ARAŞTIRMA SONUÇLARI YAZ SONU ORTAYA ÇIKACAK
Kanser hastalarında Kovid aşılama vakitlerinin kemoterapi yahut sistemik tedavilerine nazaran ayarlandığını ve aşılamanın iki tedavi ortasında denk getirerek yapıldığını anlatan Prof. Dr. Gümüş, “Kovid nitekim çok önemli bir sıhhat sorunu. O nedenle ne vakit bulursak, hangi aşıyı bulursak olmamız gerekiyor. Kanser hastalarımızın birden fazla 65 yaş üzeri ve risk kümesi olduğu için aşılandı esasen. Bu çalışma ile aşıların kanser hastalarındaki aktifliğinin yanı sıra yan tesirlerine dair de net sonuçlar elde edeceğiz. Çalışmayı hem Sıhhat Bakanlığı hem de etik kurallardan gerekli müsaadeleri alarak başlattık.
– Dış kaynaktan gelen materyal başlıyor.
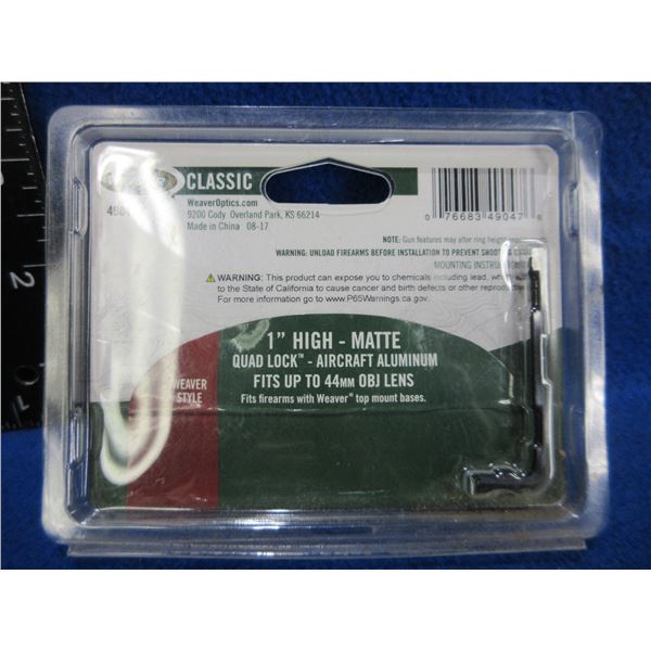 NEW - Weaver Classic 1" High Rings, Quad Lock, Matte # 49047

Türkiye çapında 25’in üzerinde merkez yer alıyor. 1500 gönüllümüz var, bunların yarısı sağlıklı şahıslar, yarısı da kanser hastalarımızdan oluşuyor. Aşı hakikaten faal mi, kanser hastalarının aşılandıktan sonraki 6 aylık müddette Kovid geçirme oranlarını ölçmek istiyoruz. Bu ortada da hem birinci hem ikinci doz sonrası yaşanan yan tesirleri de kayıt altına alıyoruz. Şimdiye kadar günlük pratiğimizde de hastalarımızın çoğunda ciddi bir yan etki ile karşılaşmadık. Genel toplumdan farklı bir tablo beklemiyoruz da bu konuda. Ama yaz sonuna doğru bitecek bu çalışmanın sonuçları da bize daha objektif bilgiler verecekö şeklinde konuştu.
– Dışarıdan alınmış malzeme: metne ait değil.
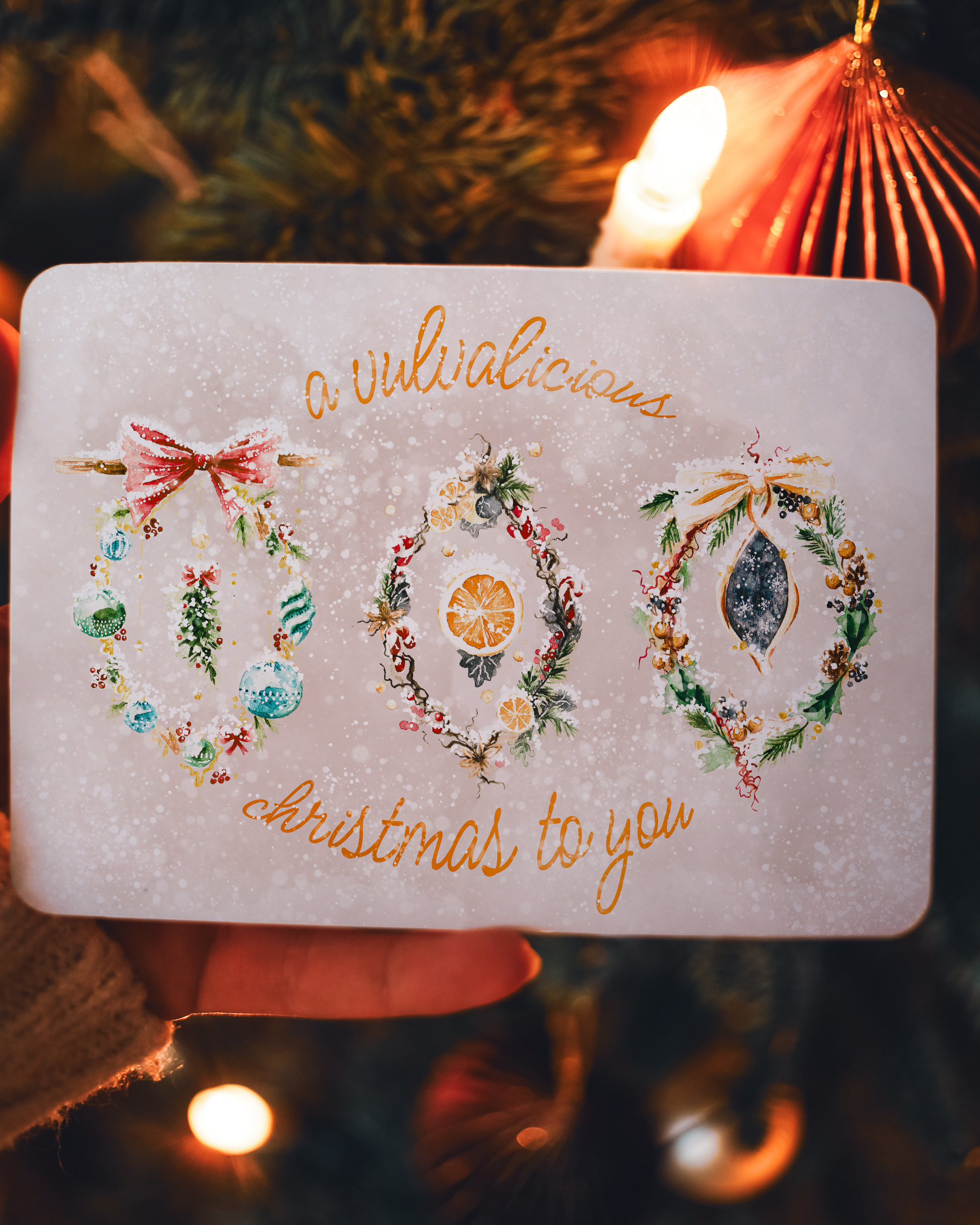 Ich verziere dir deine Vulvakarten per Hand mit gold glänzender Farbe – und zwar GRATIS! Damit erhalten dein vulvaschönen Weihnachtsgrüße einen individuellen und besonders magischen Touch.

SİNOVAC İLE YAPILAN ÇALIŞMA mRNA AŞILARI İÇİN DE YAPILACAK
Başlangıçta yoğun olarak Sinovac aşıları kullanıldığı için ilk etapta bu aşıyla ilgili verileri elde edeceklerini anlatan Prof. Dr. Gümüş, şu bilgileri vererek sözlerini sürdürdü: “Daha sonraki çalışmalarımızda, diğer yöntemlerle üretilen aşıları da ekleyelim istiyoruz. Aşılamaların ardından klinik olarak grip ve zatürre aşılarında gördüğümüz yan etki profilinden çok farklı bir tablo ile karşılaşmadık. Hastalarımızın çoğu 65 yaş üzeri hastalar zaten. Doğrusu aşı nedeniyle tedaviyi aksatan ya da hastanede yatmayı gerektiren ciddi bir yan etki neredeyse hiç yaşamadık. Kanser hastalarının aşılanma noktasında sağlıklı insanlardan çok farklı olmadığını düşünüyoruz. Aşıların birebir karşılaştırılması ile ilgili yapılmış çok büyük çaplı çalışmalar henüz yok. Bunlar zaman içerisinde elde edilecek. Sinovac, mRNA aşısı ya da diğer aşı türleri ile ilgili karşılaştırmaları zamanla göreceğiz. Her iki aşı çeşidinde de ya da farklı aşı türlerinde oluşan antikorların (kanser hastalarını) ne düzeyde koruduğuna yönelik geniş çaplı çalışmalar da henüz yok. Ama buradaki deneyimler arttıkça rapel dediğimiz belirli aralıklarla aşıların tekrarlanması gündeme gelecek gibi görünüyor. Onun için Kovid dönemi bitti, aşı çalışmalarını bir kenara bırakalım dememek lazım. Ulusal anlamda da bunu önemsiyorum. Bu belki uzun yıllar bizim için Hepatit aşısı gibi ya da başka aşılar gibi gerekli olacak gibi duruyor. O nedenle de ülkemizde yürütülen aşı çalışmalarını yürekten desteklemek gerekiyor. Çünkü daha uzun vadeli bir süreçte bize gerekli olacak bu aşılar.”